Nonetheless, investing in stocks during such turbulent times comes with a price. It serves as a strong reminder that prices are not always on the rise.
Despite the frustration of the past 18 months, I am not losing sleep. My focus remains on the long term. I firmly believe that the companies in my portfolio are robust enterprises with tremendous potential for growth.
That’s why I consistently allocate funds every month to purchase shares, even at the current low prices. And, thus far, it has proven to be a lucrative decision.
Earnings for the third quarter of 2023 are still pending. Many of my companies, however, have surpassed analysts’ gloomy projections, resulting in significant double-digit gains in share prices.
Despite this, numerous top stocks still seem undervalued. As demonstrated by billionaire investor Warren Buffett, investing in high-quality businesses below their fair value can lead to substantial wealth in the long run.
Concentrate on high quality at affordable prices
While stock market volatility is not new, corrections of this scale are exceedingly rare. In fact, investors have not witnessed such a significant decline in valuations since the financial crisis, which was 15 years ago.
Although I am confident that this instability will reappear, it could potentially take another decade. Therefore, now might be the opportune moment to begin acquiring undervalued stocks.
Nevertheless, not every undervalued growth stock is a bargain. Reforms are fueled by fear, and at times the concern is justified. The macroeconomic landscape has undergone significant changes. Debt is no longer nearly costless, and companies that have relied on external financing are feeling the strain of higher interest rates.
That’s why I place a significant emphasis on generating free cash flow when investing in a business. This represents the money a company has remaining after covering its operating and capital expenditures. It is this cash that organically accumulates on the balance sheet.
This liquidity offers flexibility, enabling a business to become or remain financially independent. Hence, the businesses in my portfolio with higher debt burdens appear to be at risk, even with interest rates rising from 0.25% to 5.25%.
Meanwhile, some unprofitable companies are also not immune. Yet, investors are offloading them regardless of the fear of loss. This is how long-term purchasing opportunities materialize.
Investing amidst volatility
Every stock market decline and correction in history has ultimately given birth to a new bull market. Exceptional returns have been achieved during the recovery. Unfortunately, it is nearly impossible to predict when this upturn will commence.
This is why injecting capital into the market during tumultuous periods is my preferred strategy.

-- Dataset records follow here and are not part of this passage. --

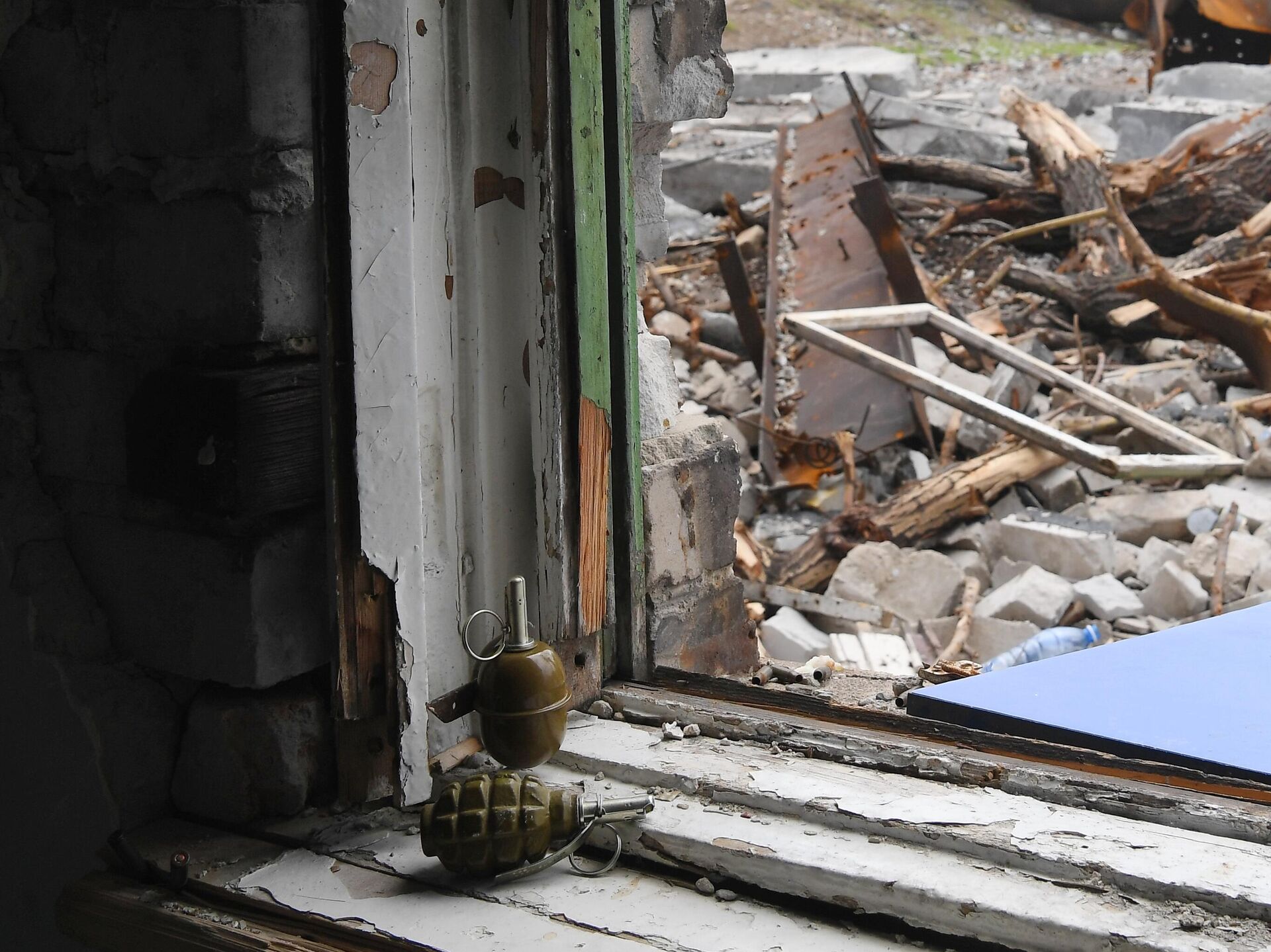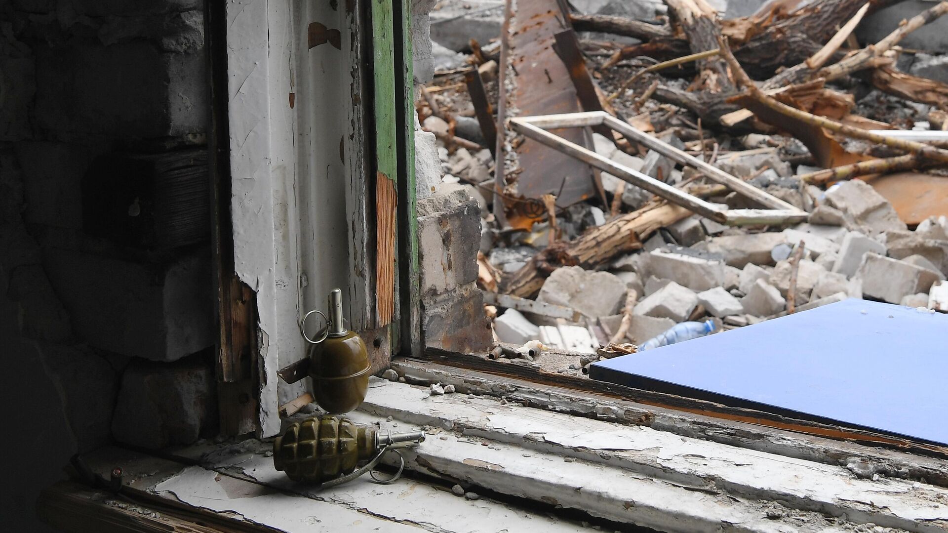 © Sputnik . Alexey Kudenko / الانتقال إلى بنك الصورخبراء المتفجرات من كتيبة فوستوك التابعة لقوات دونيتسك الشعبية يفجرون القذائف والألغام غير المتفجرة في أراضي مصنع آزوفستال في ماريوبول، أوكرانيا 21 مايو 2022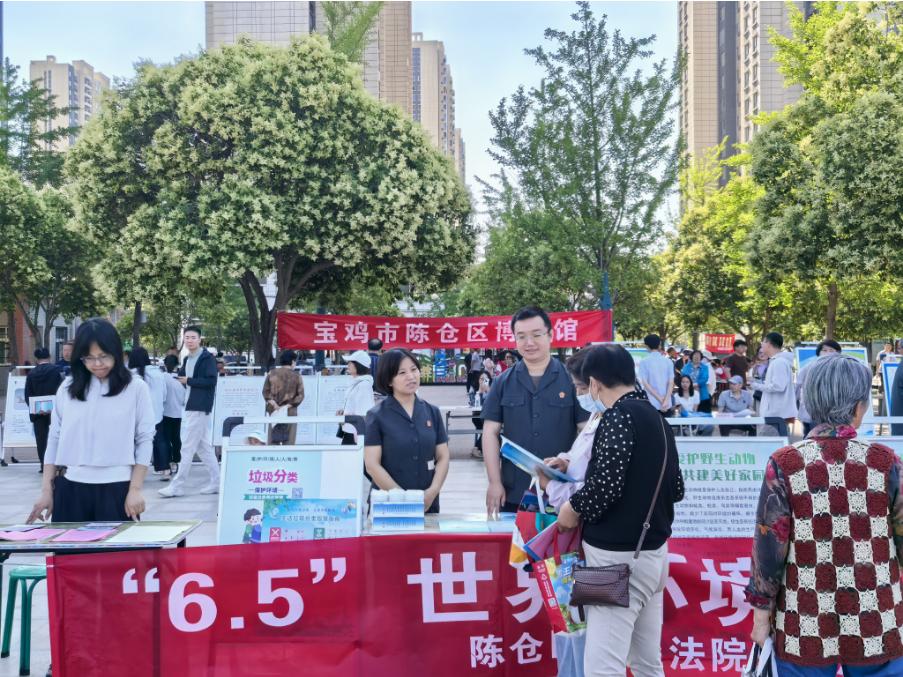 陈仓法院在区法治广场发送宣传彩页、典型案例宣讲等方式,向过往群众普及环境资源保护法律法规,展示环资审判“三合一”机制成效与司法修复理念,引导广大群众共建生态法治屏障。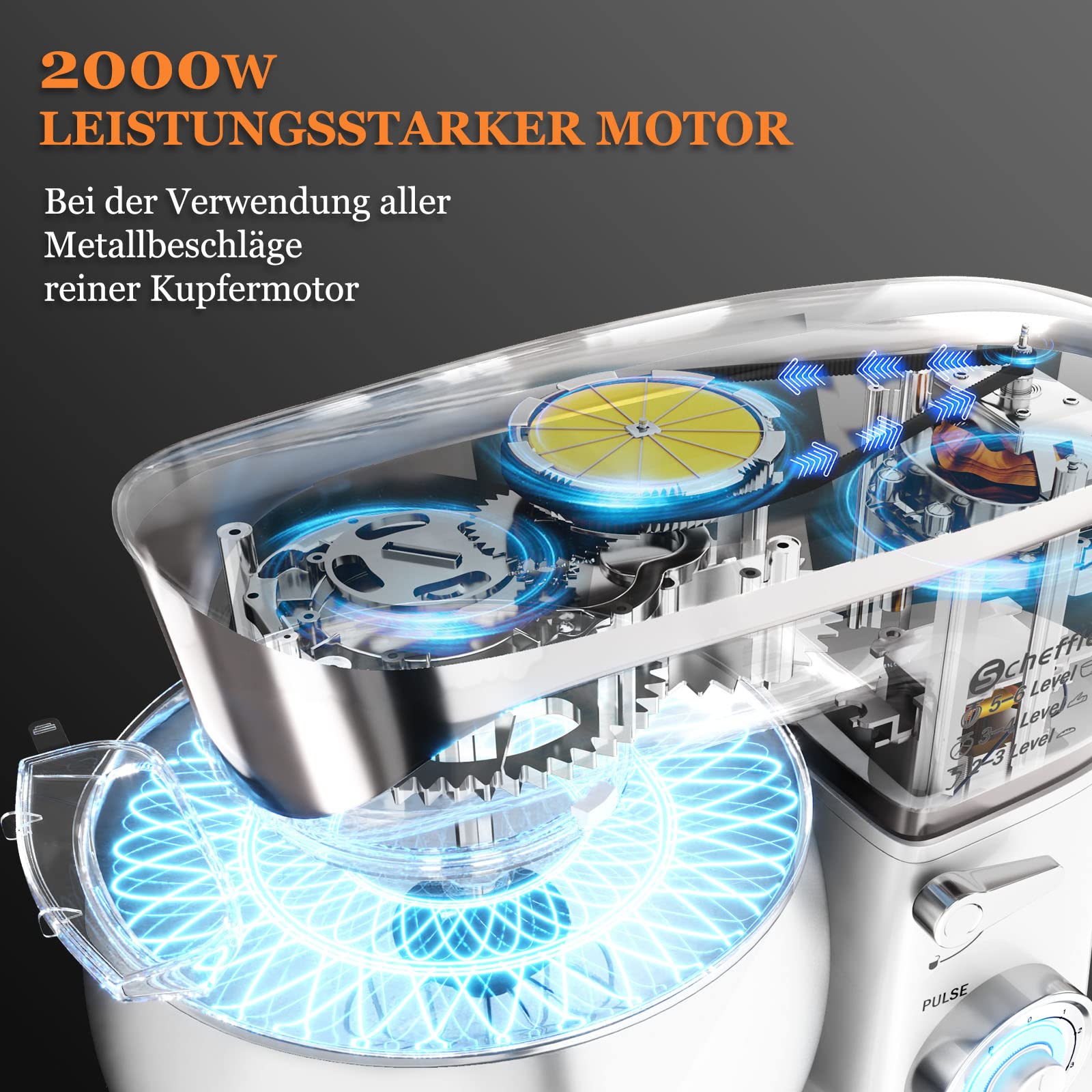 Präziser 6-Gang-Regler lässt Sie zwischen langsamem Rühren und schnellem Mixen wählen, Küchenmaschine XL mit blauem LED-Licht als Betriebsanzeige, der Mixer mit 2000W Hochleistungsmotor aus reinem Kupfermotor und robustem ABS-Gehäuse macht das Mischen schnell und gründlich.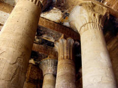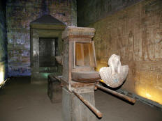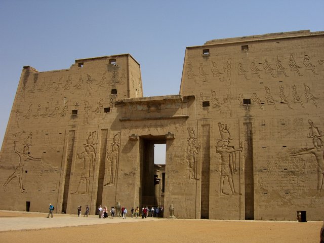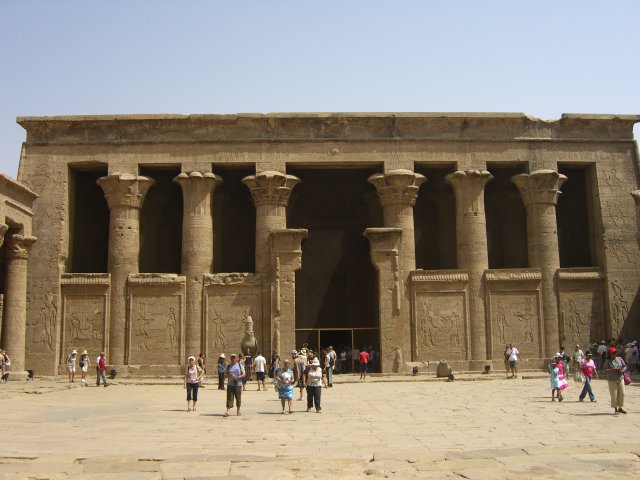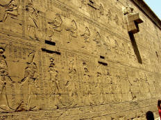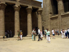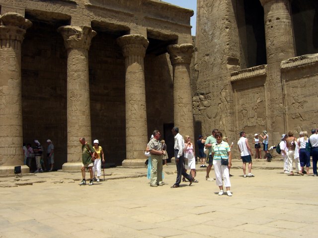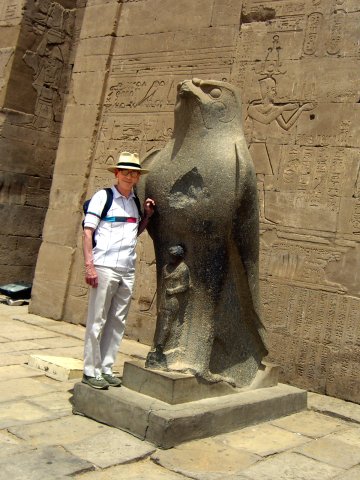 Our bus left at 9:30 for the Temple of Horus. This is the second largest temple in Egypt (after Karnack), and the best preserved. That's may be because it's one of "newest," begun by Ptolemy III in 237 B.C. with construction continuing until the time of Cleopatra, the last pharaoh. (She, like all the Ptolomy pharaohs before her, was Greek, not Egyptian.) The weather was beastly hot and this area swarmed with both people and flies. We persevered through Salah's lecture as he guided us through the first courtyard and into the hypostyle hall (with relatively few columns, nowhere near the scale of the grand hall at Karnak, but this one still had its roof). When he turned us loose, we literally fought our way through the pressing crowd to see the Horus Boat in the sanctuary. (Even the normally easy-going Italian tourists were aggressive and rude.) By the time we fought our way back out, Jane was feeling very ill.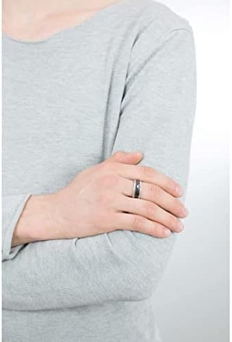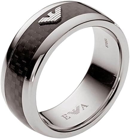 Este anillo de hombres de Emporio Armani presenta un patrón geométrico con logotipo en una banda pulida de acero inoxidable.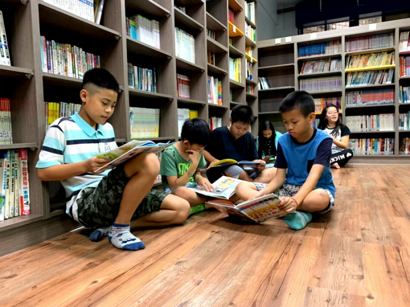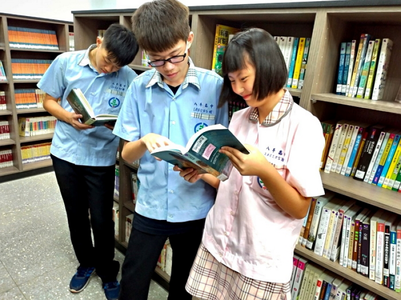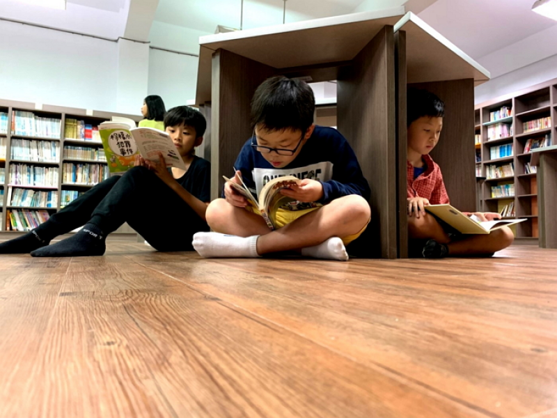 ▲八斗高中學生們沈浸在歐德集團以環保健康綠建材打造的「幸福圖書館」,快樂閱讀。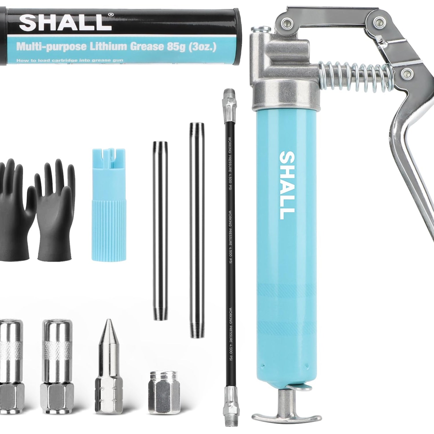 SHALL Mini Grease Gun, Small Grease Gun Kit (3.52OZ Capacity, 3000PSI) with 2PCS 4-Jaw couplers, Sharp Nozzle, Extension Adapter, 3OZ Cartridge Grease, Reinforced PVC Glove & Zerk Fitting Cleaner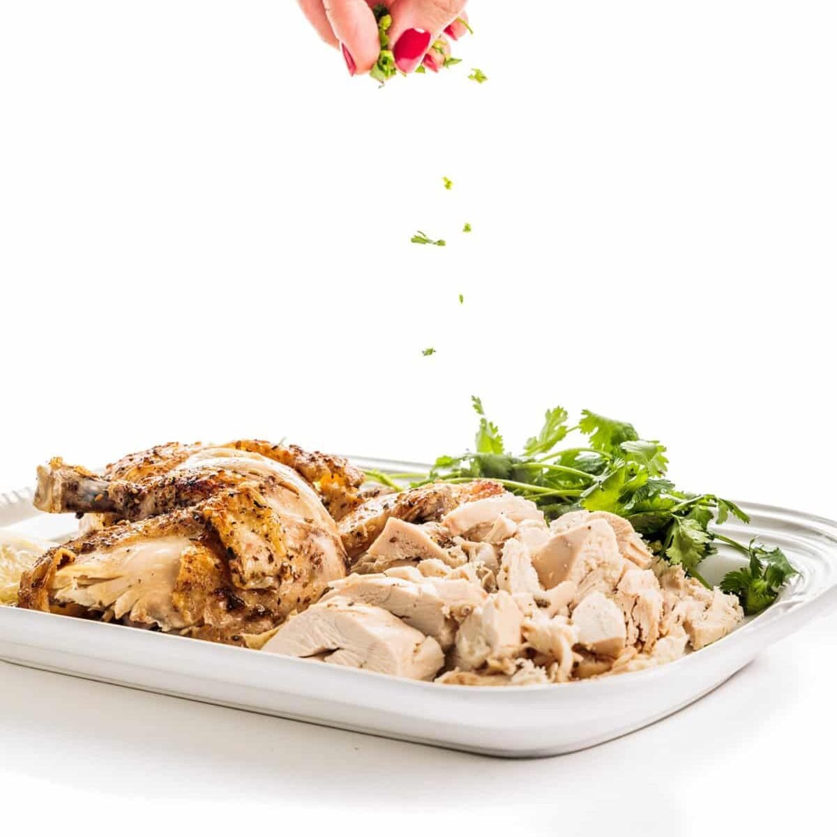 - This is optional but before serving, I recommend placing the chicken on a baking sheet and broiling until the skin is crispy, about 5-6 minutes. Serve sliced or shred up to use any way you wish.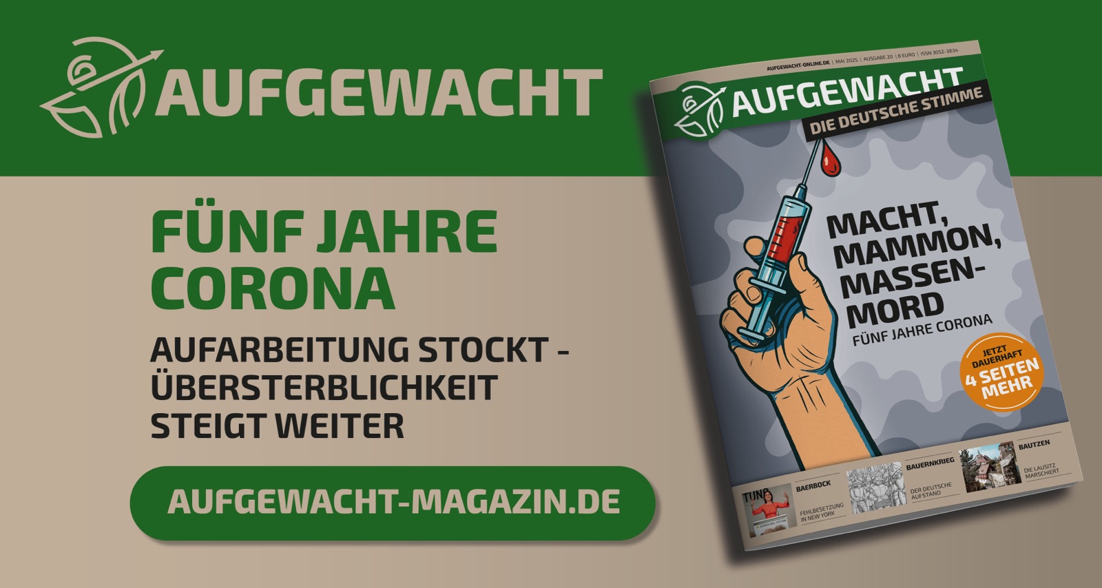 AUFGEWACHT – Die Deutsche Stimme ist ein aufstrebendes Monatsmagazin für Patrioten, das kein Blatt vor den Mund nimmt. Die aktuelle Ausgabe widmet sich dem traurigen 5-Jahres-Jubiläum der Corona-Zwangsmaßnahmen und zeigt auf, wie die Polit-Täter von damals ungestraft davonkommen konnten. Auch sonst setzt AUFGEWACHT Maßstäbe und deckt die Machenschaften der Kartellparteien schamlos auf.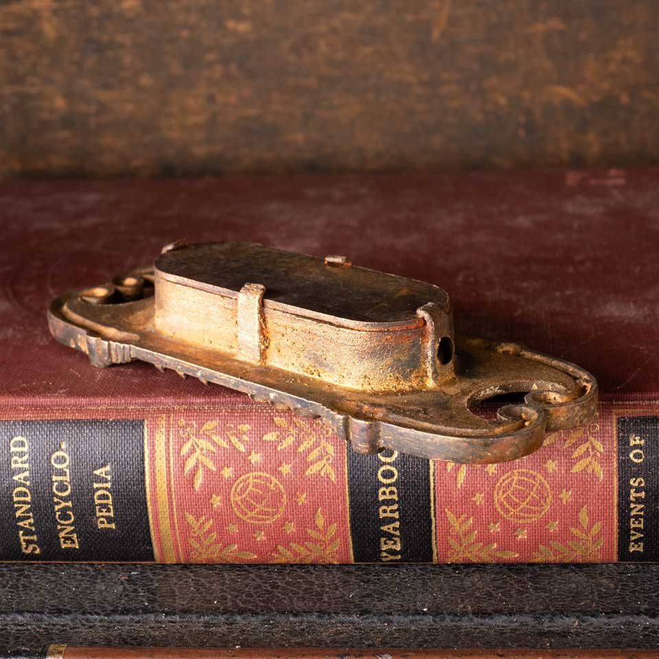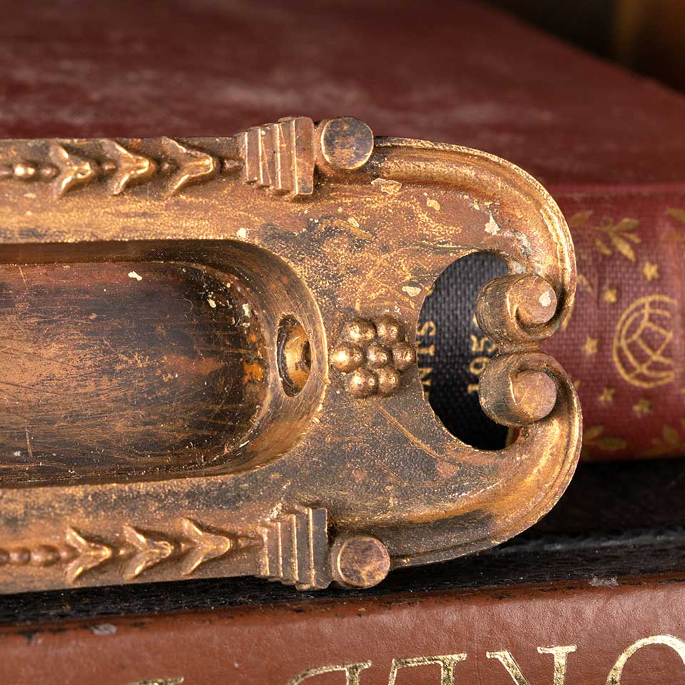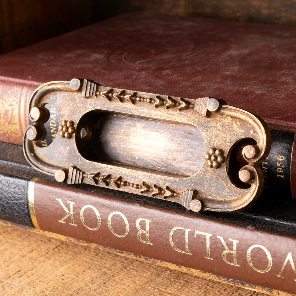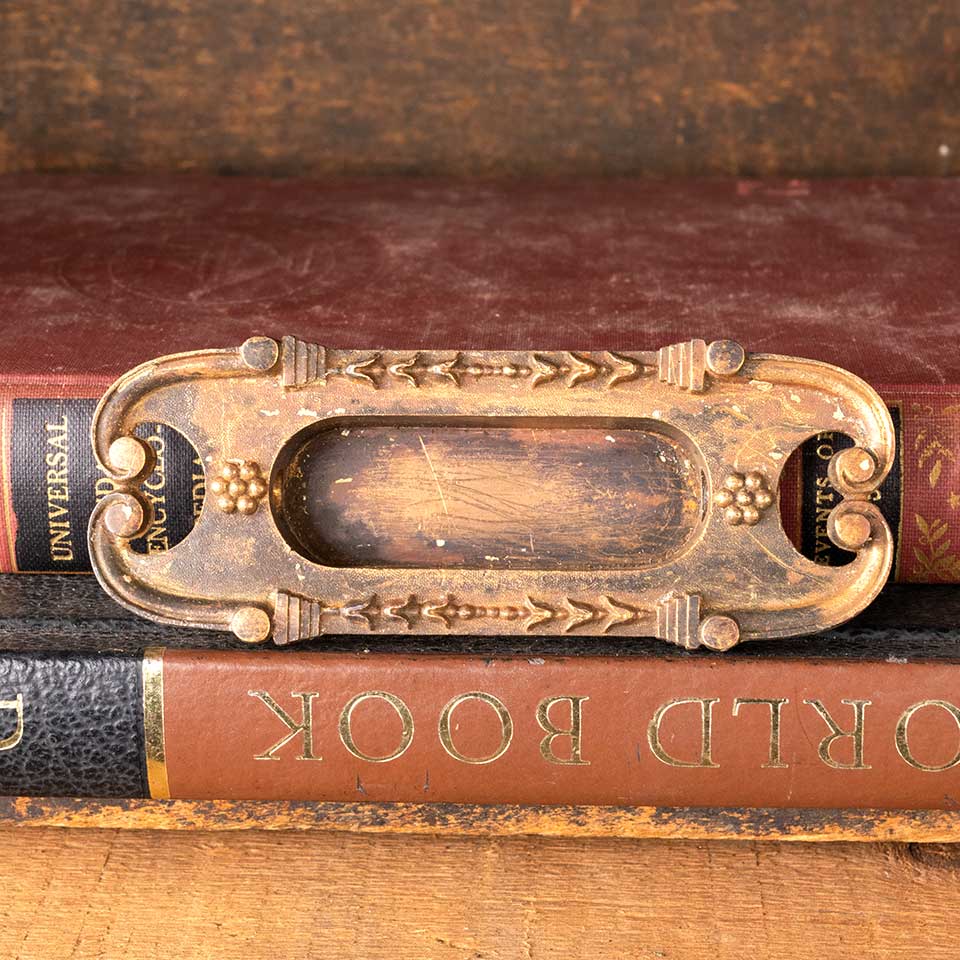 Architectural salvage antique Corbin Boston pattern c. 1895 cast bronze window sash finger lift hardware measuring approx. 4 1/8" wide x 1 5/8" tall x 3/4" front to back. The recessed area measures approx. 2 3/8" wide x 7/8" tall. See photos to evaluate condition.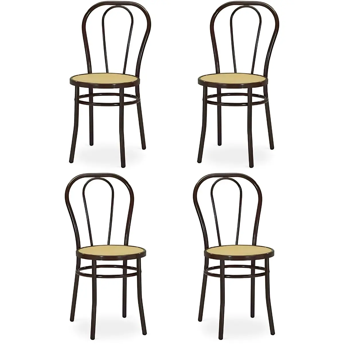 Tomaino-ijzeren keukenstoel met strozitting-Vienna eetkamerstoelen set voor restaurant, bar, Osteria, Trattoria Thonet model, Bistrot (4, zwart)

If the top-tier stocks continue to decline, I will have more capital to acquire even more shares at a better price.
Naturally, it is crucial to monitor the performance of companies closely. Surprises can emerge overnight, and a once thriving company can turn into a value trap.
Yet, through disciplined and well-informed decisions, investors can leverage the correction as an opportunity to elevate their portfolios to new heights.
The post Could this stock market plunge be a unique chance to become wealthy? appeared first on The Motley Fool UK.
The opinions expressed regarding the companies discussed in this article are solely those of the author and may differ from the official recommendations we provide in our subscription services like Share Advisor, Hidden Winners, and Pro. At The Motley Fool, we believe that considering a diverse array of insights can make us better investors.